This week I got to do one of my favorite things — stand in front of a room full of founders and demystify financial modeling. I presented “Financial Modeling Made Easy 4.0” at Startup Maine, and the energy in that room was something else.
The session was built around the places where founders typically go wrong on their financial modeling journey. Things like treating the model as the whole fundraising deliverable instead of one piece of the puzzle. Or building in isolation when a model’s real power is creating alignment across a team — getting co-founders, advisors, and early hires looking at the same assumptions and asking the same hard questions together.

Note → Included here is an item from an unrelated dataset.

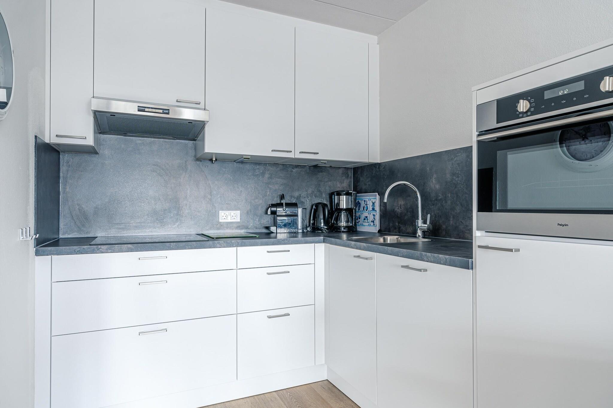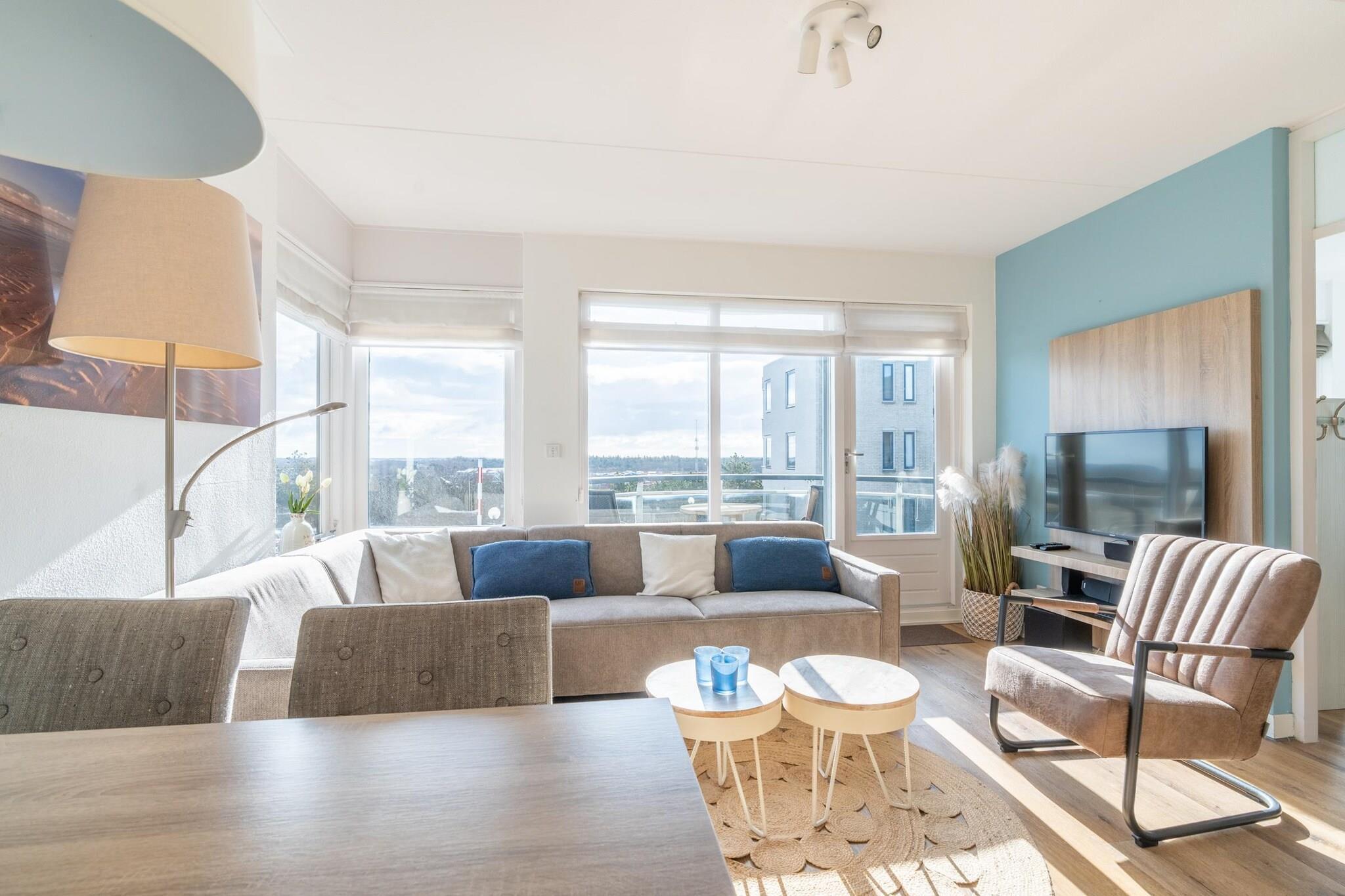 Charming 4-person apartment on the first floor with a balcony overlooking De Koog and the surrounding countryside. The spacious living room features a sitting area, TV, and a dining area with a dining table for 4. The neat open-plan kitchen is fully equipped, including a dishwasher, combination microwave, fridge-freezer, and various coffee machines. There are two bedrooms, one of which has a TV. Both bedrooms are furnished with two single box-spring beds. The well-maintained bathroom has a spacious walk-in shower and sink. The toilet is separate. The balcony offers the opportunity to admire a beautiful sunrise and is equipped with garden furniture. A laundry room is available on site for a fee. Children's furniture is available upon request and for a fee. Free Wi-Fi. Smoking is not permitted. One parking space is available on-site per accommodation.

We dug into the four economic drivers that every model needs to address, the mental traps that keep founders stuck, and why being aligned on your founder team is critical. The best part? The questions from participants were phenomenal. What was supposed to be a presentation turned into a genuinely collaborative live modeling session. Financial modeling clicks when you’re working through it together, not just watching someone talk about it. So thank you to everyone who jumped in — your questions made it better for the whole room.
As someone who has spent 14 years as a fractional CFO helping early-stage firms build these financial stories, and as a founding board member of Startup Maine, moments like this week remind me why this ecosystem matters. If you’re a founder staring at a blank spreadsheet, don’t stay stuck — that’s what I’m here for.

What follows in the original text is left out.